Turkey ends state of emergency

Turkey ends state of emergency
The Turkish government has ended the nationwide state of emergency that was imposed in 2016 after a failed coup attempt. However, the government has tabled a controversial anti-terrorism bill that will..

The Turkish government has ended the nationwide state of emergency that was imposed in 2016 after a failed coup attempt. However, the government has tabled a controversial anti-terrorism bill that will retain some of the state of emergency measures. 


Situated at the nexus between Asia and Europe, Turkey divides the Black Sea from the Mediterranean. Nearly all of the country is in Asia, comprising the oblong peninsula of Asia Minor—also known as Anatolia (Anadolu)—and, in the east, part of a mountainous region sometimes known as the Armenian Highland. Turkey’s control of the straits of Bosporus, Dardanelles and Sea of Marmara, the only outlet from the Black Sea, has been a major factor in its relations with other states.

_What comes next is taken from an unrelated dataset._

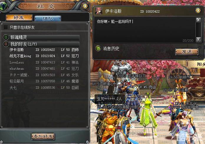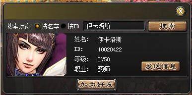 玩家在畅玩游戏时,可将志同道合者加为好友,加入好友后,可在好友列表中显示好友的相关信息,如是否在线,名称、ID、等级,职业等。
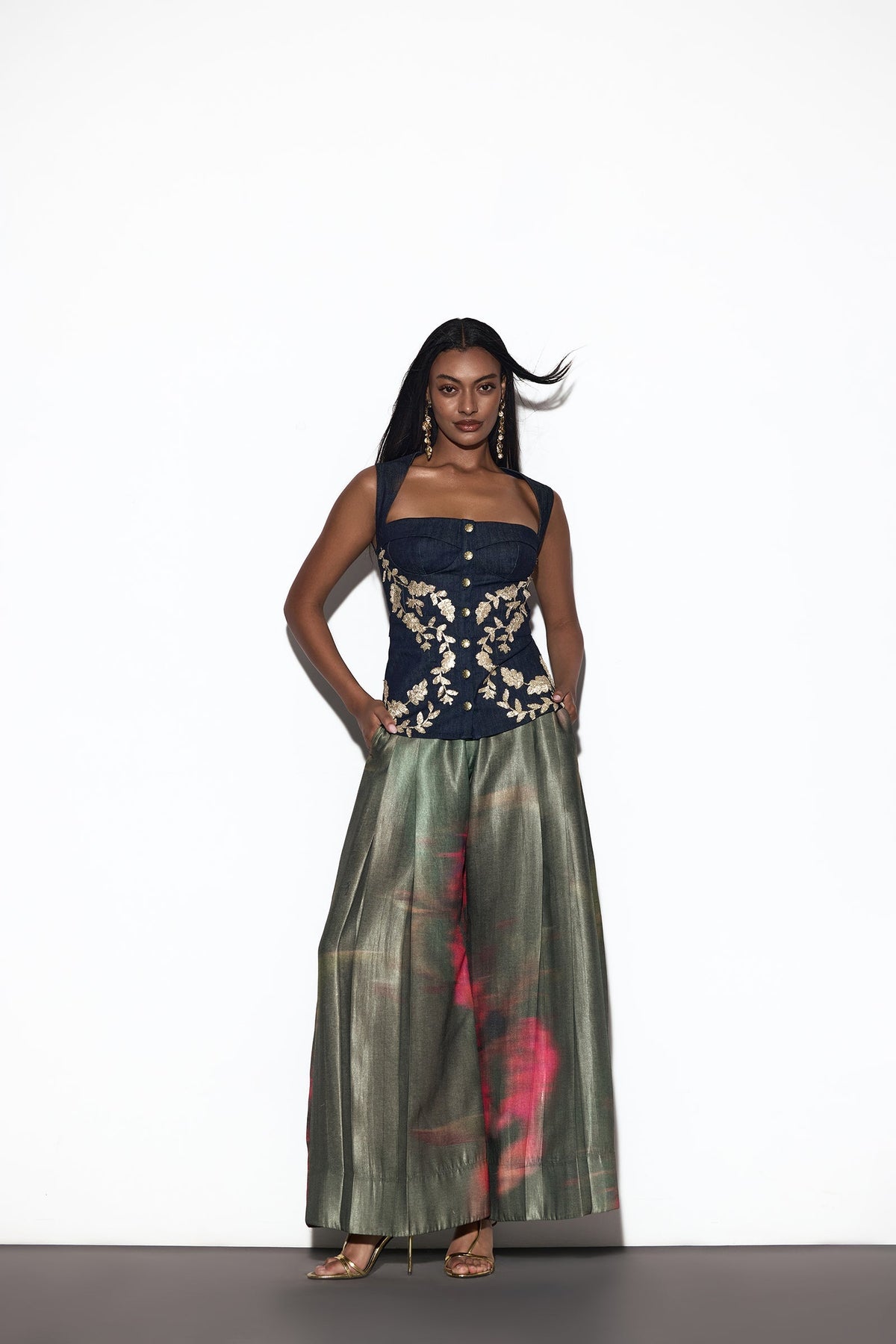 The TANI TOP is a graceful blend of structure and charm. With a square neckline and thick straps, it frames the shoulders elegantly, while the fitted silhouette hugs the body with subtle sophistication. A front button-down closure adds a polished touch, and golden floral embroidery across the front brings delicate shimmer, making the top feel both timeless and luminous - perfect for a look that balances elegance with understated allure.

The Anatolian peninsula, comprising most of modern Turkey, is one of the oldest permanently settled regions in the world. Following the Armistice of Mudros in 1918, the victorious Allied Powers sought to partition the Ottoman state through the 1920 Treaty of Sèvres. The Turkish War of Independence, initiated by Mustafa Kemal Atatürk and his colleagues against occupying Allies, resulted in the abolition of monarchy and the establishment of the Republic of Turkey in 1923, with Atatürk as its first president. The common threat posed by the Soviet Union during the Cold War led to Turkey's membership of NATO in 1952, ensuring close bilateral relations with Washington.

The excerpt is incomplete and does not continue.